One area not addressed by the Board of Governors was the role of players in recruiting other teams’ stars, not just in advance of any official free-agent negotiating period but while their friends still have years remaining on their contracts. Last season, New Orleans big man Anthony Davis undermined the Pelicans’ and his individual season when – at what many believe to be the suggestion of agent Rich Paul’s and / or fellow Paul client LeBron James – he asked to be traded to the Lakers halfway through his five-year extension with his team.
The league fined Davis $50,000 for that disruption but, sure enough, Davis and the $55.8 million left on his contract were dealt to Los Angeles in July.
Silver reminded his audience that some issues must be collectively bargained with the National Basketball Players Association. For example, moving the start of free agency up to begin before the Draft would be one of those.
The league historically has not enforced tampering rules against player-to-player contact. None of the measures mentioned Friday addressed that.

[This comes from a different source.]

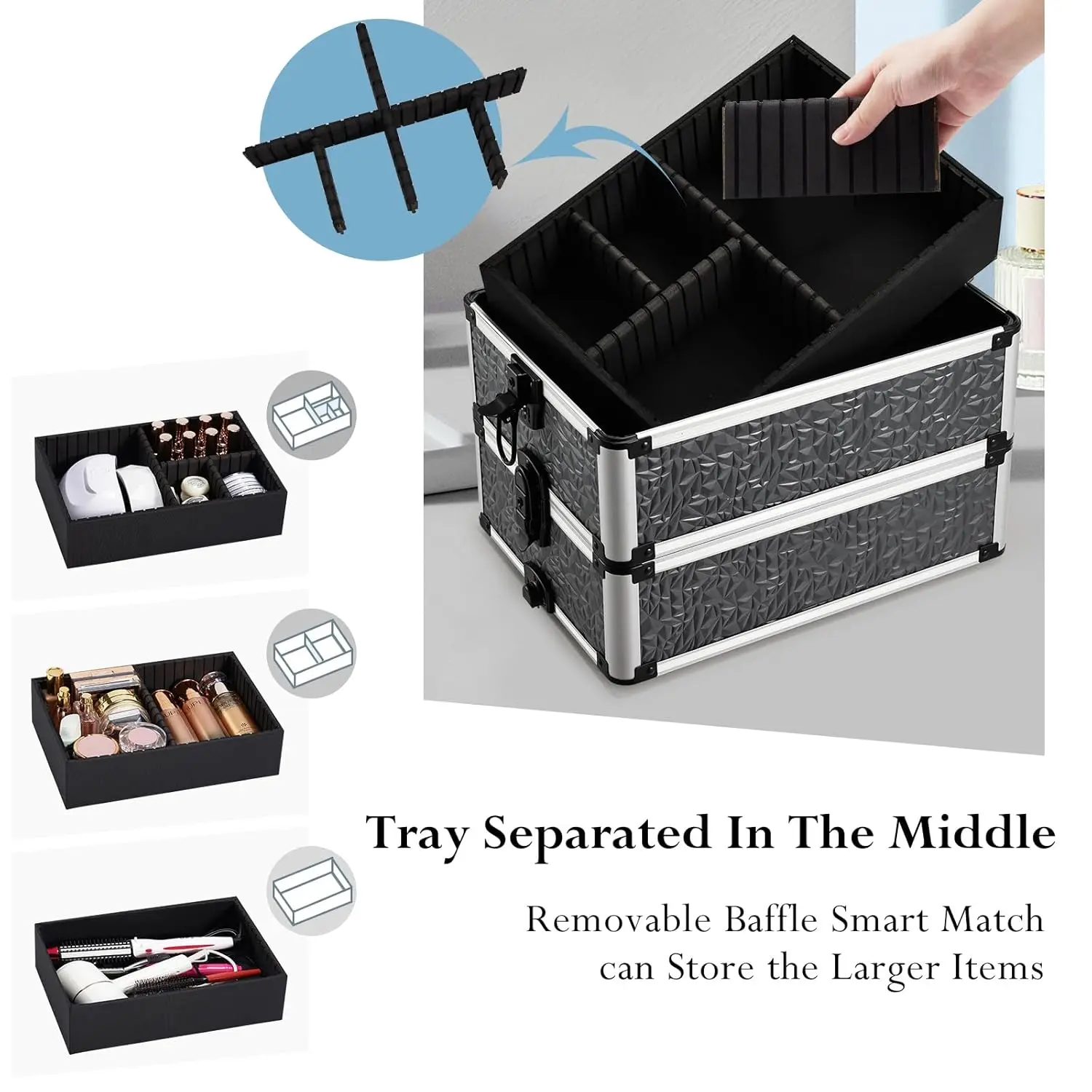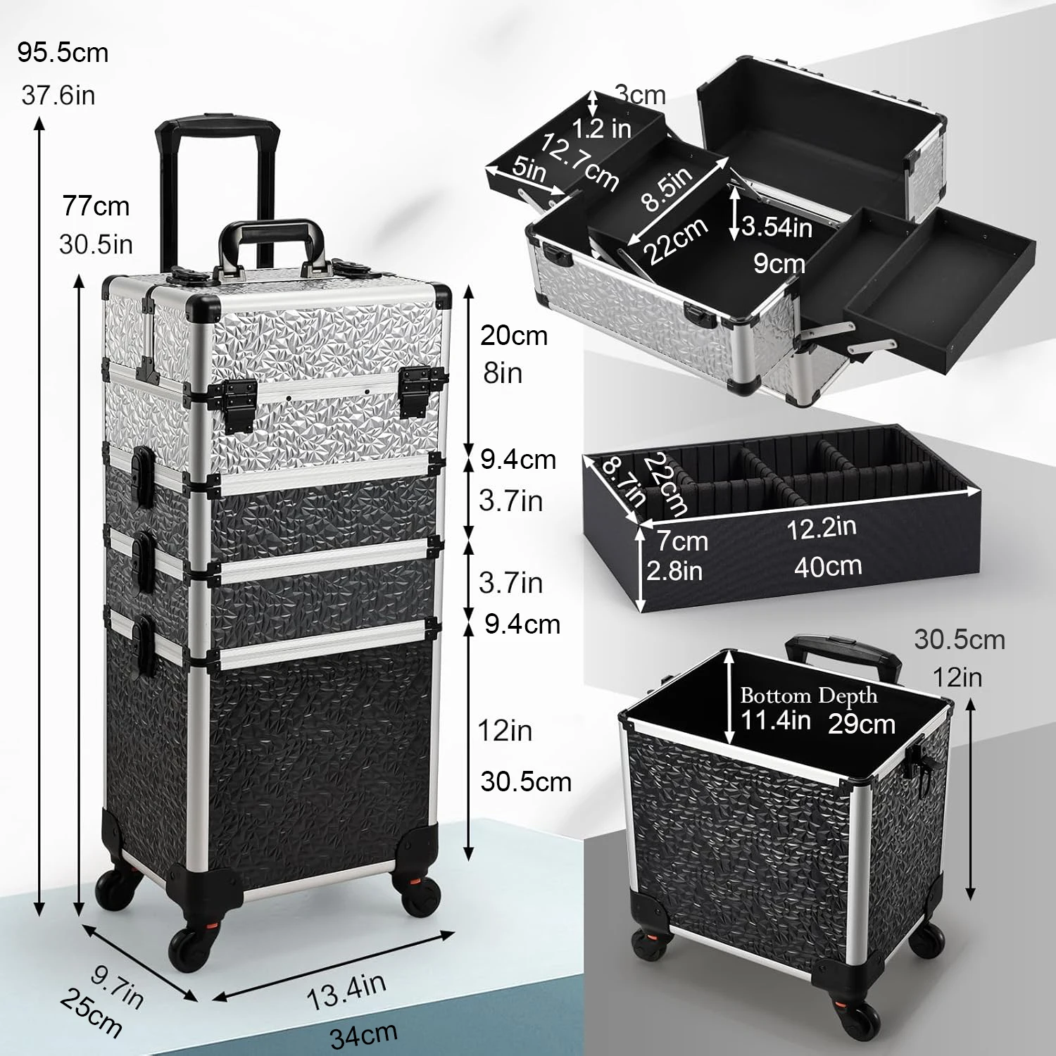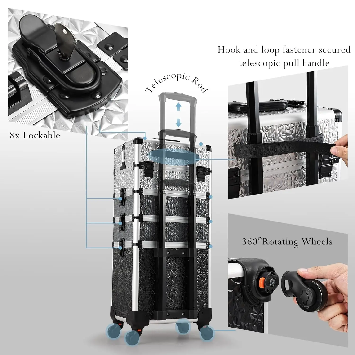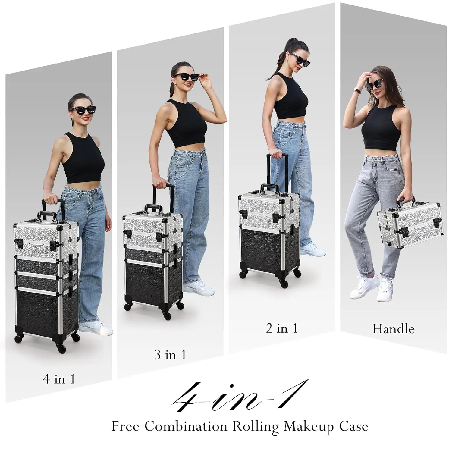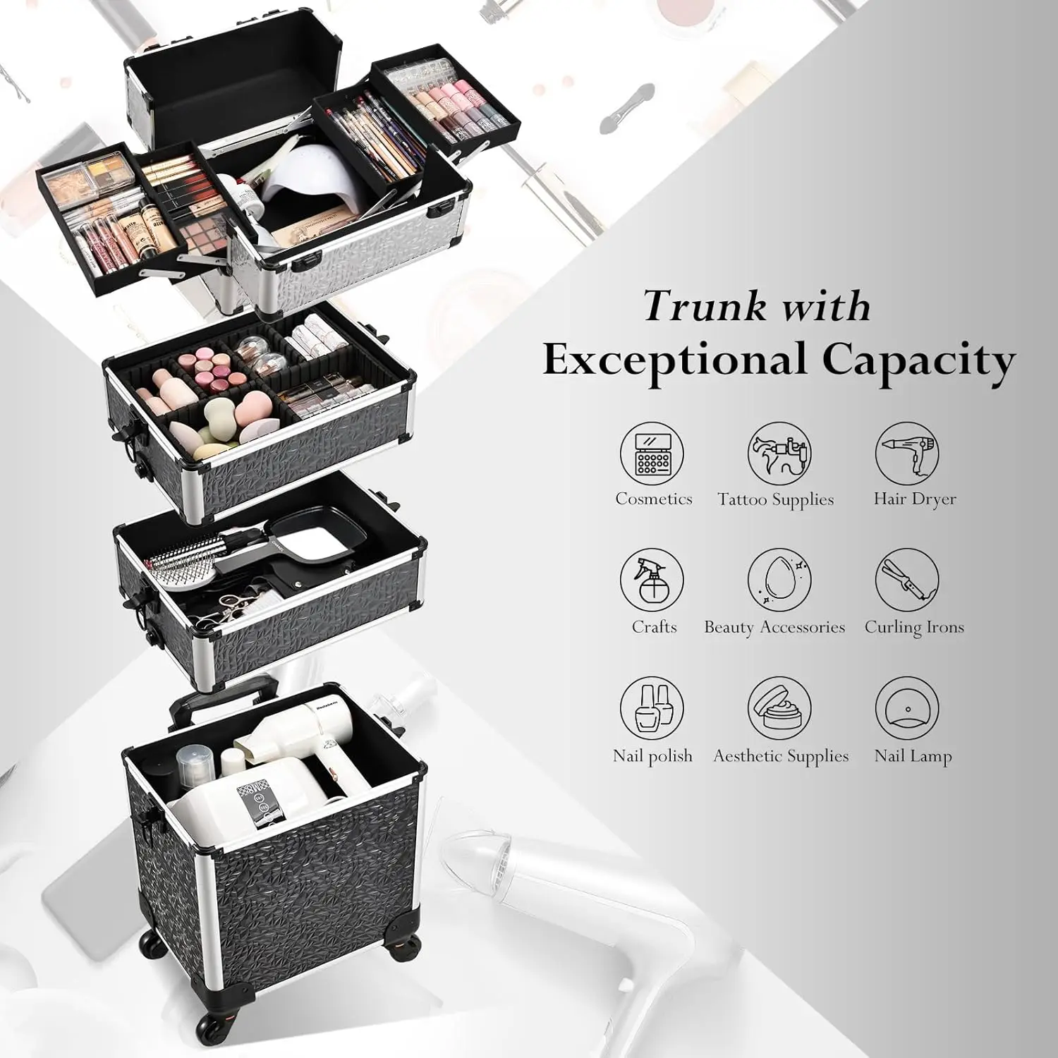 Trolley de Maquillage Professionnel Grand Format 4-en-1 sur Roues avec Clés, Valise de Voyage pour Cosmétiques et Ongles

“What’s lost sometimes,” Silver said, “is that for the 450 players or so in the league, they want a competitive landscape as well. They don’t necessarily want a system where there’s a sense that certain teams have a competitive advantage over other teams, because then you’re just benefiting the players that happen to be on those teams.”
Even as reports of tougher penalties and more thorough rules were being published this week, some team executives were speculating to media folks about ways they could be bent or circumvented. But Silver did not sound deterred.
“My sense of the room was this was not just about ‘league office vs. teams,’ that what we are really seeking again is a cultural change,” the commissioner said. “If someone is absolutely determined to cheat in any industry and people are willing to do anything to be successful, I guess you have rogue actors in every field and in every industry.
“What we’re saying, though, [is] we think we’re dramatically going to increase the likelihood that we’re going to catch you. I don’t want to suggest there’s any perfect system. At some point you’re relying, at least in part, on the good faith of partners working together and … that this is a culture in which people want to compete fairly.”
That’s the challenge, at least.
In other Board news:
– New language was approved for the NBA rule book to better define traveling violations, with the concept of “the gather” finally added for clarity. Traveling also will be a point of emphasis for the referees this season, in the hope of better educating players, coaches, media and fans, said Byron Spruell, NBA president of league operations.
– Larry Tanenbaum, chief executive of the Toronto Raptors, succeeds Minnesota’s Glen Taylor as chairman of the Board of Governors.”